(Stored data)
——

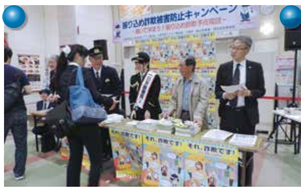
家政大学生一日署長 振り込め詐欺防止キャンペーン
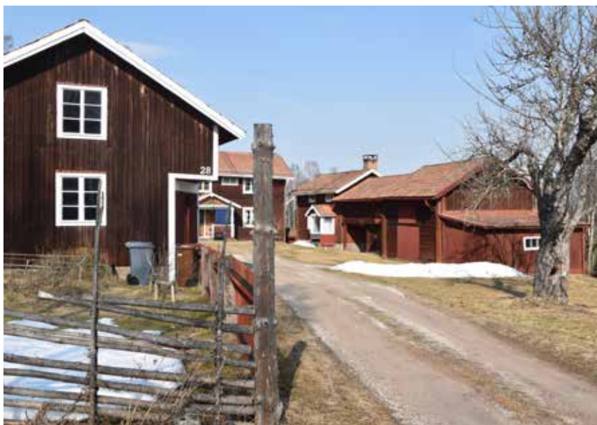
Kringbyggt gårdstun med delvis välbevarad äldre enkelstuga. Var varsam med den kringbyggda karaktären och undvik att ta bort byggnader från gårdstunen. Västanvik 63:1.
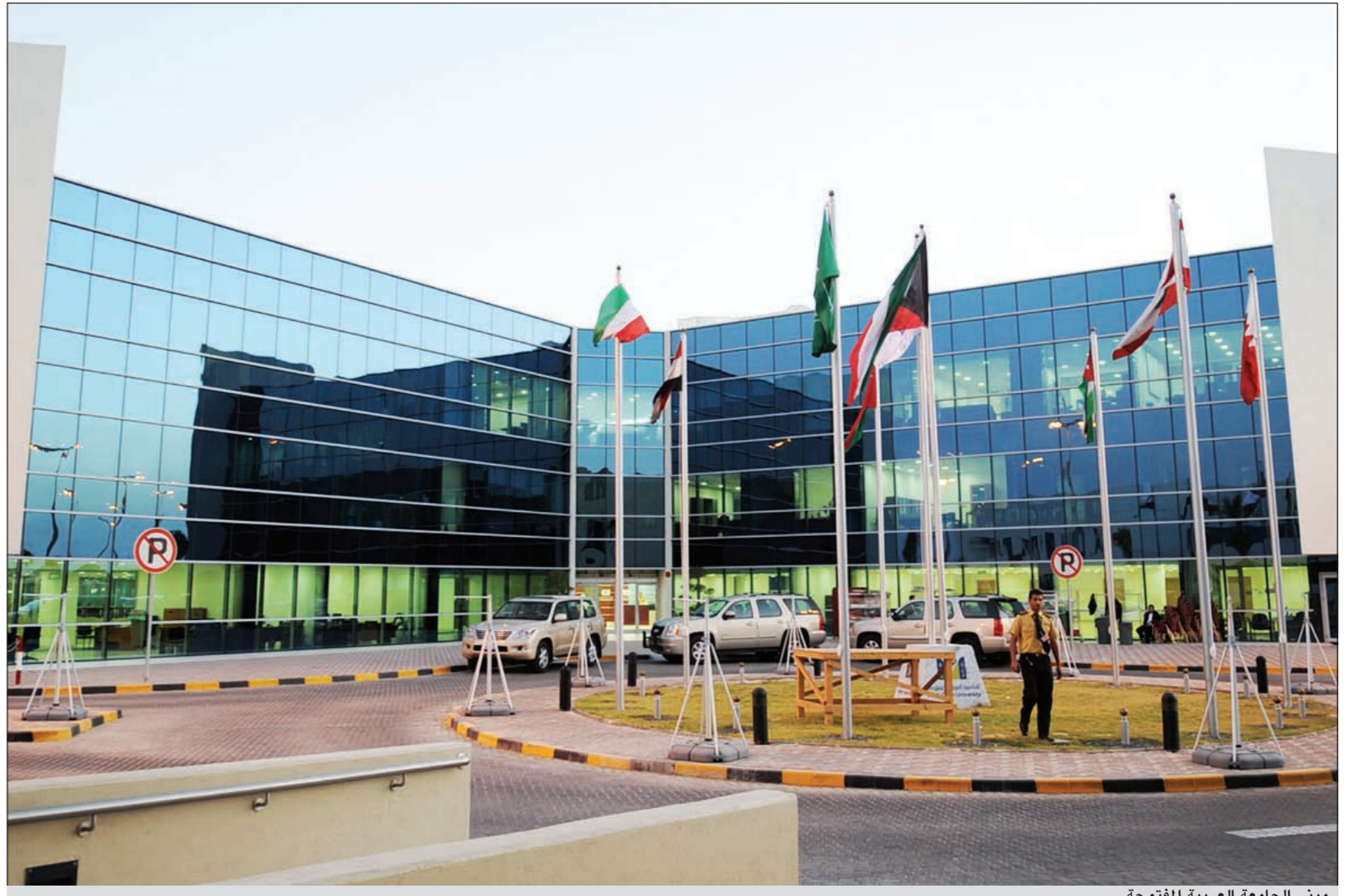
مبنى الجامعة العربية المفتوحة
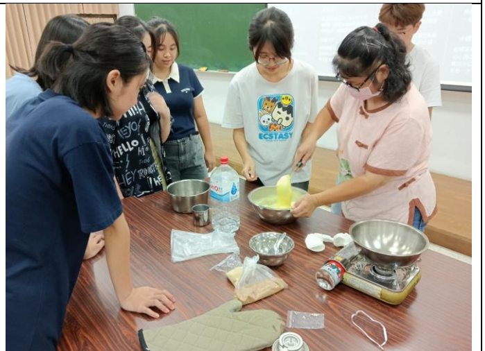
分部同仁與同學們一同製作天然粉粿
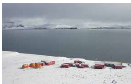
Consultoría técnica, dimensionamiento y suministro de depuradora de aguas residuales en la base científica de España ubicada en la Antártida y gestionada por el Ministerio de Defensa.
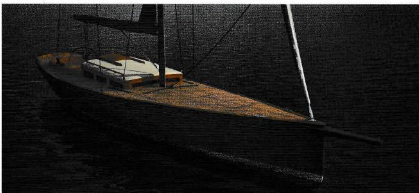
DE TRINTELLA 45 MET FRAAIE ZEEG. OOK HIER WEER EEN 'MODERN KLASSIEKE' STYLING.

geen nerveuze racer. De rondspant romp is voorzien van een balansroer – het stuursysteem is van Jefa – en een kiel met T-bulb, voorzien van loodballast.
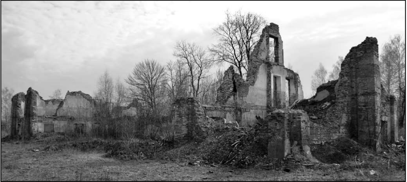
Рис. 4. Руїни триповерхової казарми. 2011 р.

термінологією початку ХХ ст., документ важко сприймається людиною, яка не має відношення до будівельної справи. Подаємо мовою оригіналу лише відомості про етапи будівельних робіт:
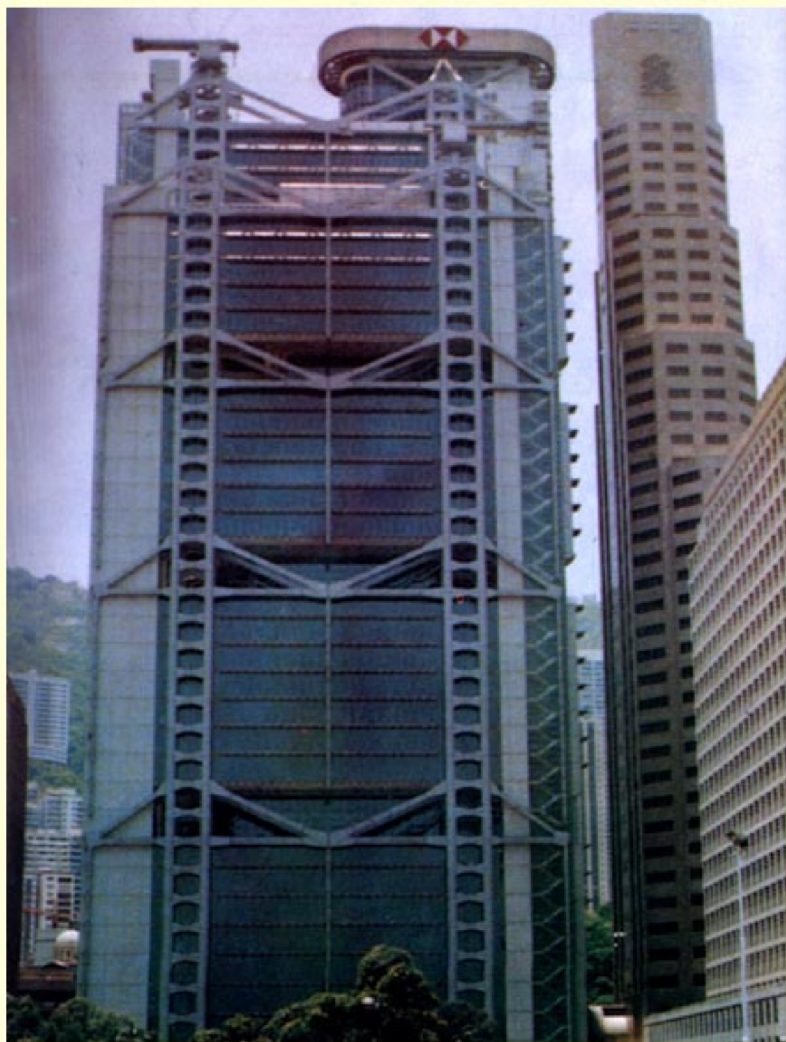
汇丰银行和渣打银行——香港享有发行货币权的英资银行
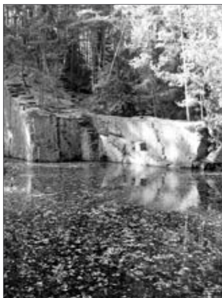
Sousední zatopený lom

V tradici dobývání a zpracování žuly dnes pokračuje společnost Granit Lipnice s.r.o. Vyrábí dlažbu venkovní i vnitřní, schodiště, obklady schodišť a stěn, obrubníky a krajníky, soklový kámen na budování opěrných zdí a soklů budov a nakonec regulační kámen, který se po-
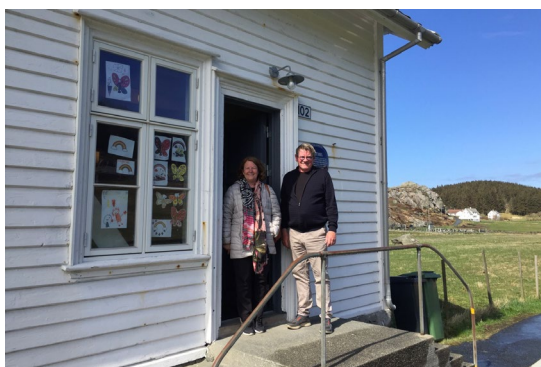
Revisor og nestleder 07.05.21
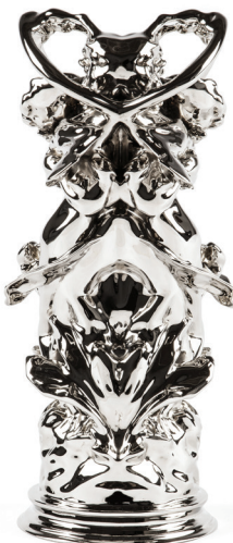
Daphnis & Chloë Rorschach III , 2012 nickelated bronze, 40 x 17.9 x 22.9 cm
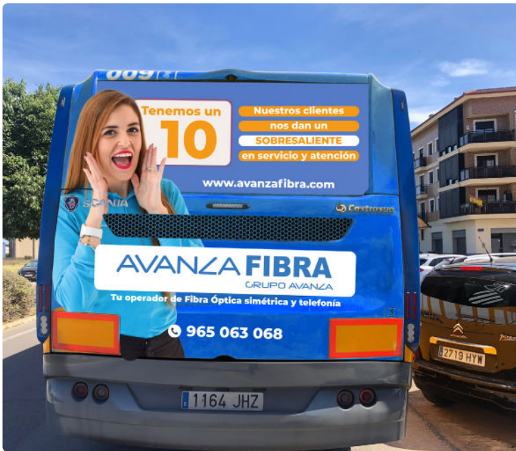
Trasera de un autobús de Valencia con la imagen de Avanza

Palmar (Murcia), es la imagen de la nueva creatividad que ha diseñado el Departamento de Comunicación y Marketing para la publicidad en autobuses de Almería y Valencia y vallas publicitarias. El sobresaliente con el que nos califican nuestros clientes es el lema de esta nueva campaña.
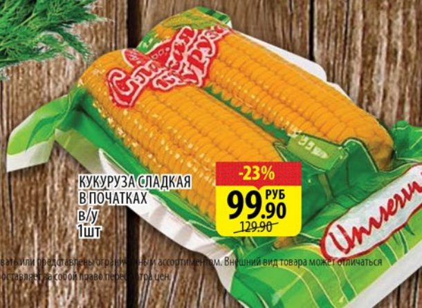
КУКУРУЗА СЛАДКАЯ В ПОЧАТКАХ в/у 1шт
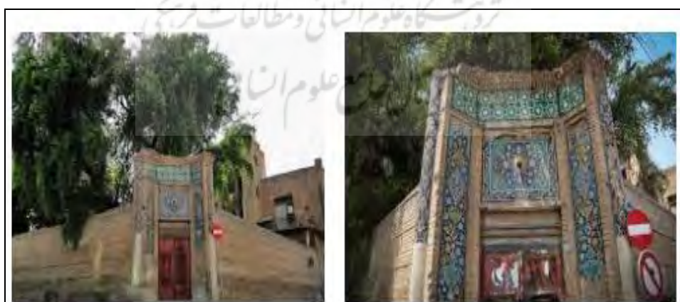
شکل ۴: ساختمان هتل قو
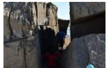
胎内岩をくぐると・・・
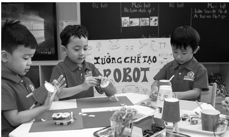
● Trẻ em được tiếp cận STEM từ cấp mầm non tại một số trường.

Họ là những nhà giáo, nhà khoa học, chuyên gia công nghệ không ngừng nỗ lực đưa STEM (Khoa học, Công nghệ, Kỹ thuật, Toán học) đến gần hơn với trẻ em Việt Nam. Từ ngôi nhà, giảng đường đến các lớp học vùng cao, họ không chỉ truyền đạt kiến thức mà còn thắp lên đam mê khám phá, giúp thế hệ trẻ tiếp cận, làm chủ tri thức về khoa học, công nghệ và đưa ra quyết định cho tương lai.
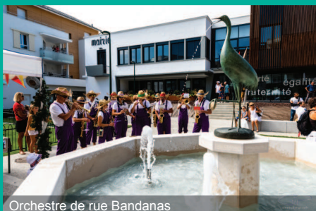
Orchestre de rue Bandanas
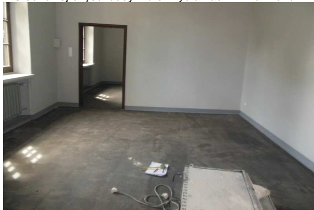
Fot. 19. Widok na pomieszczenie zlokalizowane na piętrze skrzydła zachodniego przylegającego do ściany oddzielającej go od klatki schodowej usytuowanej w środkowej części budynku skrzydła zach. X Pawilonu.
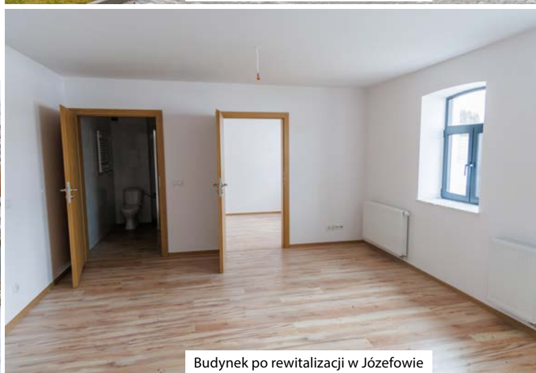
Budynek po rewitalizacji w Józefowie
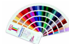
En option : choix entre 210 couleurs RAL (prix sur demande).
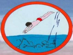
Не ныряйте в незнакомом месте.
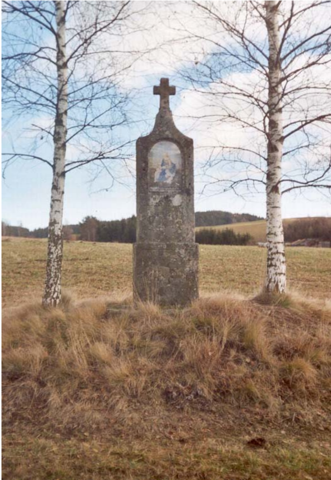
Abbildung 1: Bildstock an einem Wiesenweg bei Oberstifting.
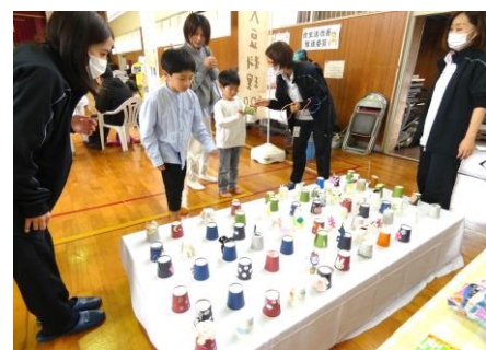
▲ 輪投げゲーム 子どもに大人気！ 社会福祉法人 積心会 ひまわり荘
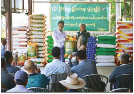
ဦးစော်မင်းသိန်းနှင့် မြို့နယ် ၂၀၂၅) ဘဏ္ဍာနှစ် နေ့စပါးစိုက်ပျိုးသည့် အခြေခံသမဝါယမအသင်းသား သွင်းအားစုပေးအပ်ပုံအခမ်းအနား

ပြည် ဇန်နဝါရီ ၂၉ ပဲခူးတိုင်းဒေသကြီး ပြည်မြို့နယ်၌ သမဝါယမကဏ္ဍမှ နိုင်ငံစီးပွားဖြင့်တင်ရေးရန်ပုံငွေဖြင့် (၂၀၂၄-၂၀၂၅) ဘဏ္ဍာနှစ် နေ့စပါး စိုက်ပျိုးသည့် သမဝါယမအသင်းသား တောင်သူများအတွက် သွင်းအားစုပေးအပ်ပုံအခမ်းအနားကို ယနေ့နံနက်ပိုင်းက ပြည်မြို့ ရွှေတံခါးရပ်တွက် တာဝလမ်းဆုံအနီးရှိ (သမာဓိ) မြို့စေ့နှင့်စိုက်ပျိုးရေးသုံးဆေးပစ္စည်း အရောင်းဆိုင်၌ ကျင်းပသည်။

——

[WHAT IS BEING ASKED]: Your task is to restate every record word for word. Omit all pictures.

[EXPECTED OUTPUT]:
家政大学生一日署長 振り込め詐欺防止キャンペーン
Kringbyggt gårdstun med delvis välbevarad äldre enkelstuga. Var varsam med den kringbyggda karaktären och undvik att ta bort byggnader från gårdstunen. Västanvik 63:1.
مبنى الجامعة العربية المفتوحة
分部同仁與同學們一同製作天然粉粿
Consultoría técnica, dimensionamiento y suministro de depuradora de aguas residuales en la base científica de España ubicada en la Antártida y gestionada por el Ministerio de Defensa.
DE TRINTELLA 45 MET FRAAIE ZEEG. OOK HIER WEER EEN 'MODERN KLASSIEKE' STYLING.

geen nerveuze racer. De rondspant romp is voorzien van een balansroer – het stuursysteem is van Jefa – en een kiel met T-bulb, voorzien van loodballast.
Рис. 4. Руїни триповерхової казарми. 2011 р.

термінологією початку ХХ ст., документ важко сприймається людиною, яка не має відношення до будівельної справи. Подаємо мовою оригіналу лише відомості про етапи будівельних робіт:
汇丰银行和渣打银行——香港享有发行货币权的英资银行
Sousední zatopený lom

V tradici dobývání a zpracování žuly dnes pokračuje společnost Granit Lipnice s.r.o. Vyrábí dlažbu venkovní i vnitřní, schodiště, obklady schodišť a stěn, obrubníky a krajníky, soklový kámen na budování opěrných zdí a soklů budov a nakonec regulační kámen, který se po-
Revisor og nestleder 07.05.21
Daphnis & Chloë Rorschach III , 2012 nickelated bronze, 40 x 17.9 x 22.9 cm
Trasera de un autobús de Valencia con la imagen de Avanza

Palmar (Murcia), es la imagen de la nueva creatividad que ha diseñado el Departamento de Comunicación y Marketing para la publicidad en autobuses de Almería y Valencia y vallas publicitarias. El sobresaliente con el que nos califican nuestros clientes es el lema de esta nueva campaña.
КУКУРУЗА СЛАДКАЯ В ПОЧАТКАХ в/у 1шт
شکل ۴: ساختمان هتل قو
胎内岩をくぐると・・・
● Trẻ em được tiếp cận STEM từ cấp mầm non tại một số trường.

Họ là những nhà giáo, nhà khoa học, chuyên gia công nghệ không ngừng nỗ lực đưa STEM (Khoa học, Công nghệ, Kỹ thuật, Toán học) đến gần hơn với trẻ em Việt Nam. Từ ngôi nhà, giảng đường đến các lớp học vùng cao, họ không chỉ truyền đạt kiến thức mà còn thắp lên đam mê khám phá, giúp thế hệ trẻ tiếp cận, làm chủ tri thức về khoa học, công nghệ và đưa ra quyết định cho tương lai.
Orchestre de rue Bandanas
Fot. 19. Widok na pomieszczenie zlokalizowane na piętrze skrzydła zachodniego przylegającego do ściany oddzielającej go od klatki schodowej usytuowanej w środkowej części budynku skrzydła zach. X Pawilonu.
Budynek po rewitalizacji w Józefowie
En option : choix entre 210 couleurs RAL (prix sur demande).
Не ныряйте в незнакомом месте.
Abbildung 1: Bildstock an einem Wiesenweg bei Oberstifting.
▲ 輪投げゲーム 子どもに大人気！ 社会福祉法人 積心会 ひまわり荘
ဦးစော်မင်းသိန်းနှင့် မြို့နယ် ၂၀၂၅) ဘဏ္ဍာနှစ် နေ့စပါးစိုက်ပျိုးသည့် အခြေခံသမဝါယမအသင်းသား သွင်းအားစုပေးအပ်ပုံအခမ်းအနား

ပြည် ဇန်နဝါရီ ၂၉ ပဲခူးတိုင်းဒေသကြီး ပြည်မြို့နယ်၌ သမဝါယမကဏ္ဍမှ နိုင်ငံစီးပွားဖြင့်တင်ရေးရန်ပုံငွေဖြင့် (၂၀၂၄-၂၀၂၅) ဘဏ္ဍာနှစ် နေ့စပါး စိုက်ပျိုးသည့် သမဝါယမအသင်းသား တောင်သူများအတွက် သွင်းအားစုပေးအပ်ပုံအခမ်းအနားကို ယနေ့နံနက်ပိုင်းက ပြည်မြို့ ရွှေတံခါးရပ်တွက် တာဝလမ်းဆုံအနီးရှိ (သမာဓိ) မြို့စေ့နှင့်စိုက်ပျိုးရေးသုံးဆေးပစ္စည်း အရောင်းဆိုင်၌ ကျင်းပသည်။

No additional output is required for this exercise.